People use the New Testament as justification for all kinds of political agendas, not noticing that the New Testament does not talk about political agendas.

Dorothy’s outrage at poverty and the crushing of civil rights combined with an insight about the connection each of us has to each other …to each person as brother and sister. She saw God in each person. She focused on the person in front of her.

The debate continues. What is our country’s best direction?

However, the question, “Who are you calling poor?” is easy to answer. The person in front of you, down the street, in the other country, who needs food, housing, warm clothes.

That has not changed.

Prayer, Justice, and the Scales of Justice

“So long as we talk and argue and busy ourselves on the plane of this world, evil seems the stronger. ….The thing is to enter on another plane, to find that fourth dimension which represents the kingdom of the Spirit…. – Henri de Lubac, quoted by Dorothy Day, Catholic Worker, 1978

Injustice is easy to see. When black men are targeted, when rape is dismissed as a prank, when gays are murdered, when families struggle for food and shelter, we see injustice in the flesh.

lady_justice_w_scalesBut what is justice? Is it simply the absence of injustice? Revenge is a kind of justice; it is the desire to rebalance the scales. The image of Justice is a woman with a blindfold holding a scale.  When one man murders another, the world is thrown out of balance. By killing the murderer, some think, the world regains its balance. The forces have been equalized again. The family of the victim, the community can be satisfied. The value of the death penalty is not as a deterrent to murder; it is the restoring of balance from chaos.

Then along comes Jesus. “You have heard that it was said, “An eye for an eye and a tooth for a tooth. But I say to you, Do not resist the one who is evil.”

We’re being told to keep the scale unbalanced. We are being told not to attempt to purge evil by killing. He’s talking about another kind of justice.

What does this justice look like? smell like? feel like? An abstraction like justice or hope or love, stays uselessly abstract until we give it form.

“The legal battle against segregation is won, but the community battle continues.” Dorothy Day The Catholic Worker, November 1956

On December 12, 2014, friends and neighbors stood in the cold in Greenfield to declare the obvious truth that black lives matter.

Afterwards, thirty people came together in the Upper Room at church to celebrate Our Lady Of Guadalupe, or Tonantzin, the Mother. The 12th is her “birthday.”

In December 1531 at the hill of Tepeyac, Mexico, Mama Lupe appeared to the First Nation peoples. She spoke to the peasant, Cuauhtlatoatzin, (Juan Diego), in his original language, Nahuatl. She demanded that the Spanish conquerors build a church on the place where people had come for centuries to honor her as Tonantzin, the Mother.

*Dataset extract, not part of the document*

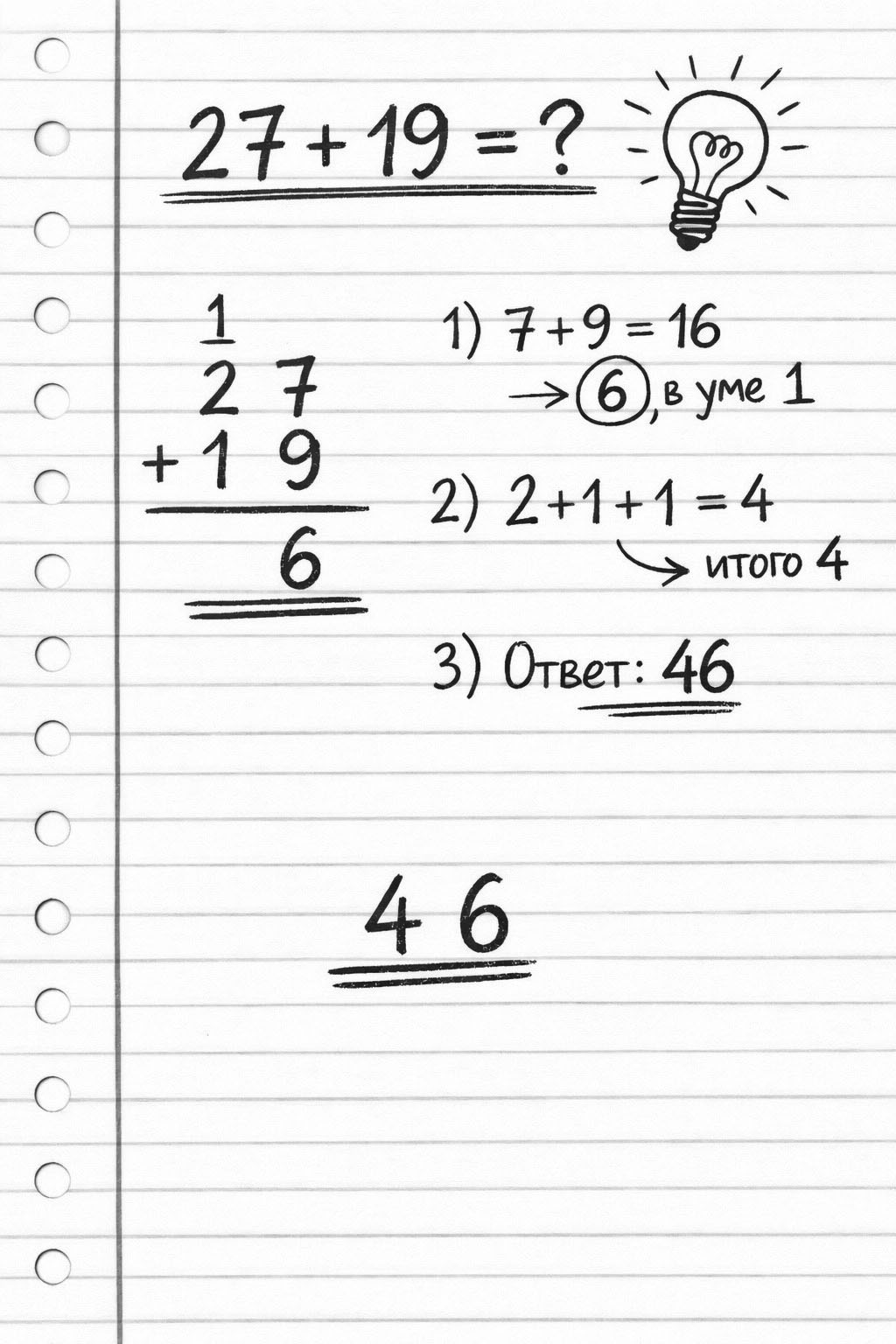 Помните, как нас учили складывать в столбик 27 и 19?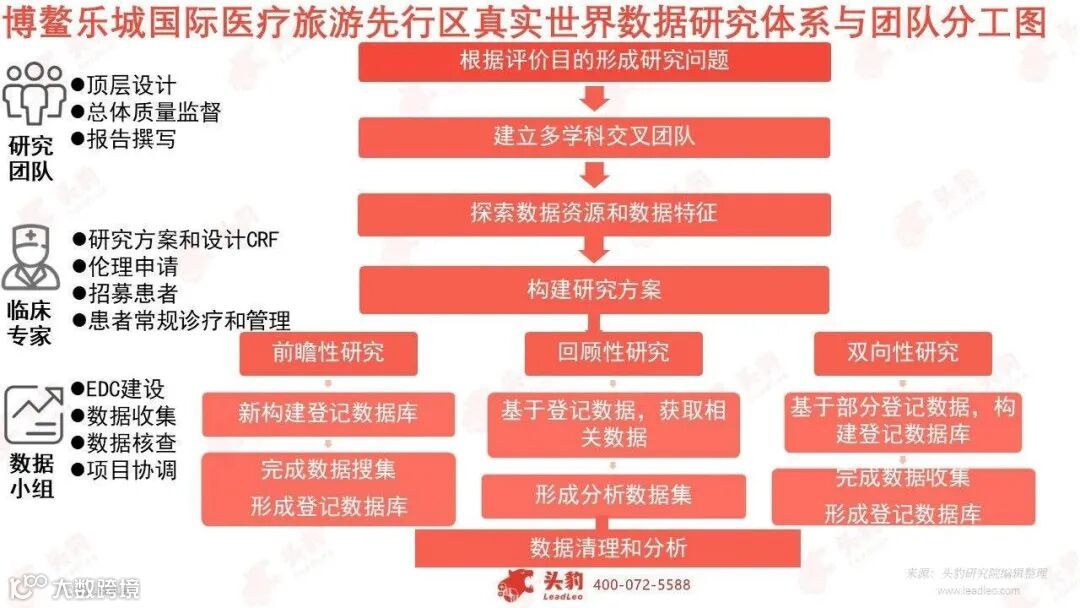 真实世界研究(Real World Study/Research,RWS/RWR),即在真实世界环境下收集与患者相关数据,通过分析获得医疗产品的使用价值及潜在获益或风险的临床证据。在各部委大力支持下,博鳌乐城先行区的真实世界研究体系初步形成,已形成研究问题,建立多学科交叉团队,探索数据特征和数据源,针对数据情况构建研究方案,确定构建登记数据库形式,最终使用数据开展统计分析。

Cuauhtaltoatzin, a devout Catholic, repeatedly brought her demand to the Spanish authorities until, after she miraculously spread roses at their feet, they relented.

And so a Presence of Love and Protection appeared on the hill, in a country where people lived under the oppression of an occupying army.

In celebration, we placed images of Mama Lupe on a table with roses and candles. We lit candles to bring together all who call for justice: for parents of slain young men, for black children, for racism’s end. We prayed, sang, listened. We called down justice to live among us.

Praying gives justice voice. When evil seems overwhelming, sounds and images springing from the creation of ceremony can crystalize peace and freedom, allowing us to hear and touch it, and each other. And give sustenance to action.